** WHAT YOU WILL DO **
Repeat, exactly and in full, the lines of the listing below, but without any pictures.

DATASET CONTENT START

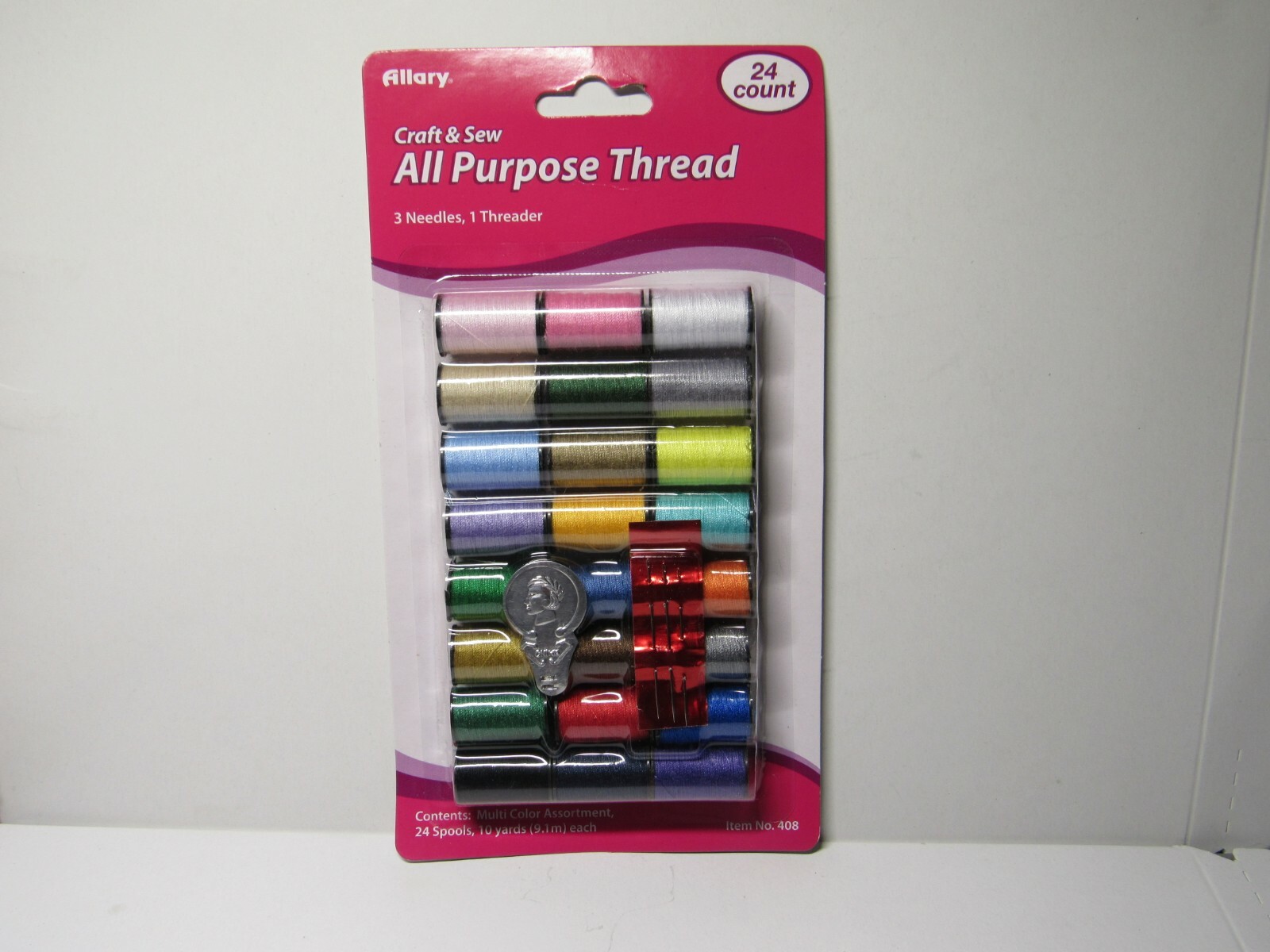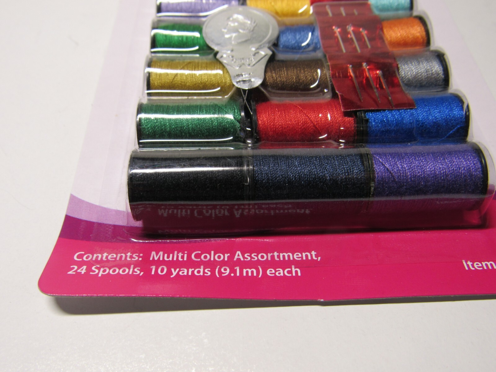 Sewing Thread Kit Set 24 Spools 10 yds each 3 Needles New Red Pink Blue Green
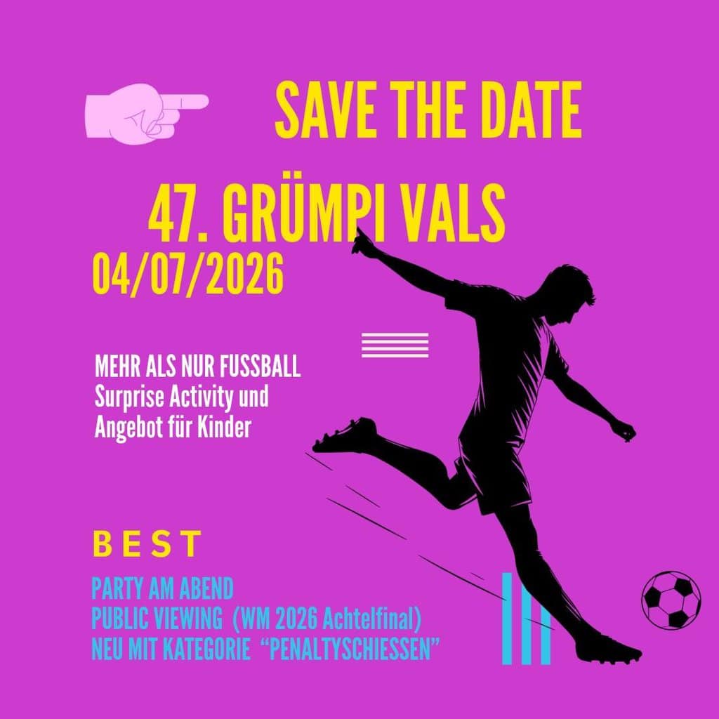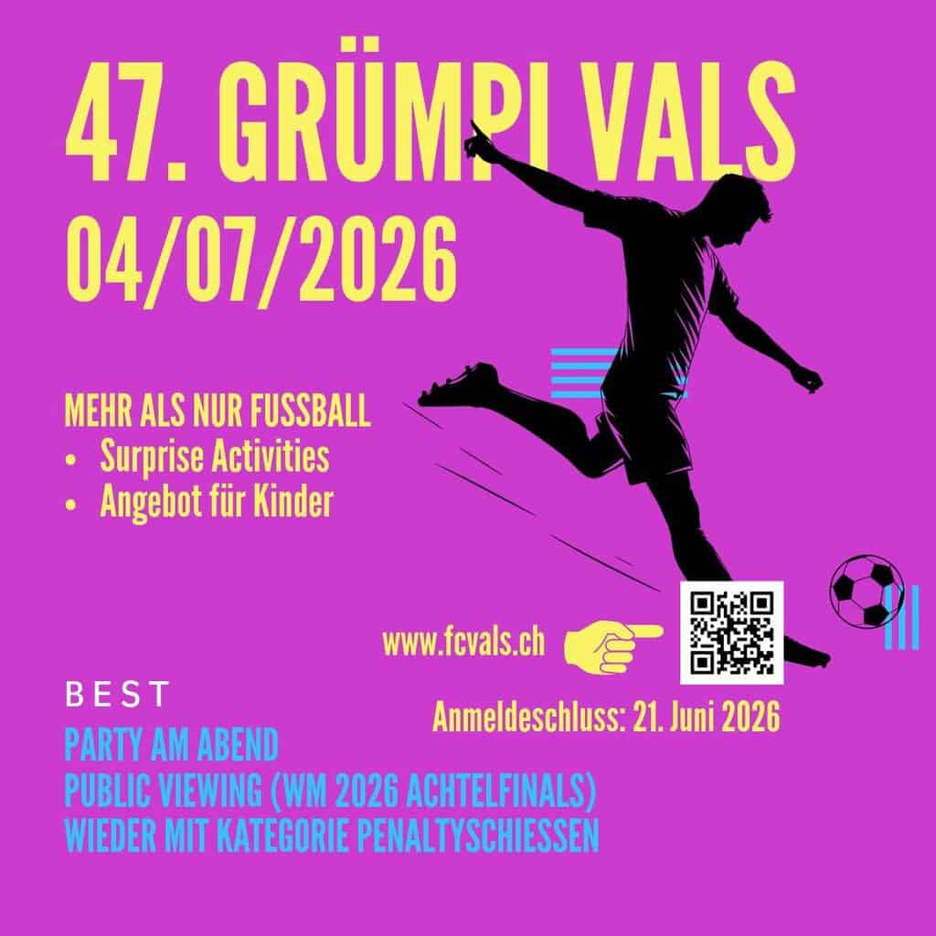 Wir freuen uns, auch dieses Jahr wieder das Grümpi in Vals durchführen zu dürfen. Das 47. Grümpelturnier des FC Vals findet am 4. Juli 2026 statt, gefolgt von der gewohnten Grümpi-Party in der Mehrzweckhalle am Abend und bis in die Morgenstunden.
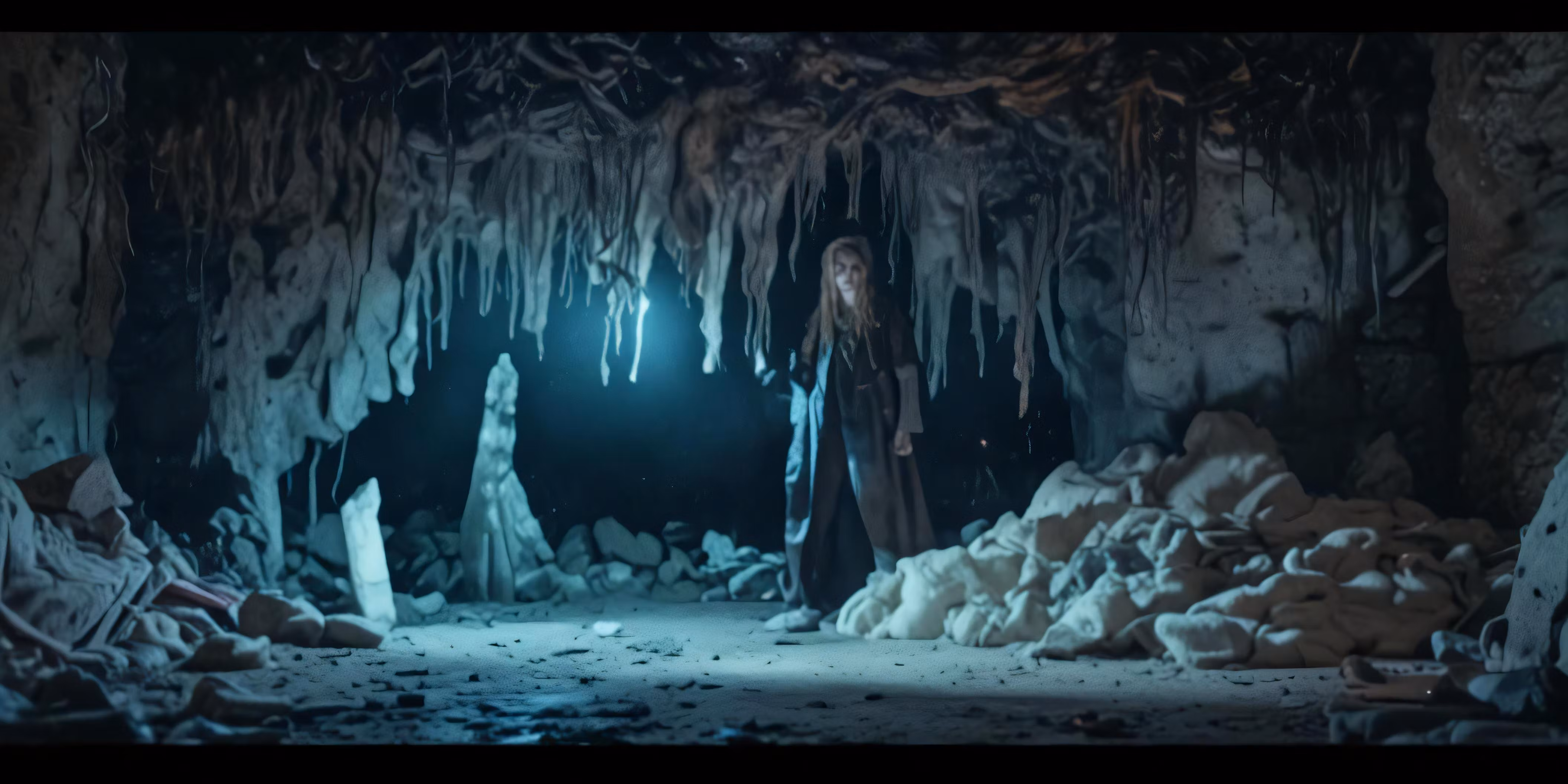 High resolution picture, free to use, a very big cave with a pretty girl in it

DATASET CONTENT END

** WRITTEN ANSWER **
 Sewing Thread Kit Set 24 Spools 10 yds each 3 Needles New Red Pink Blue Green
 Wir freuen uns, auch dieses Jahr wieder das Grümpi in Vals durchführen zu dürfen. Das 47. Grümpelturnier des FC Vals findet am 4. Juli 2026 statt, gefolgt von der gewohnten Grümpi-Party in der Mehrzweckhalle am Abend und bis in die Morgenstunden.
 High resolution picture, free to use, a very big cave with a pretty girl in it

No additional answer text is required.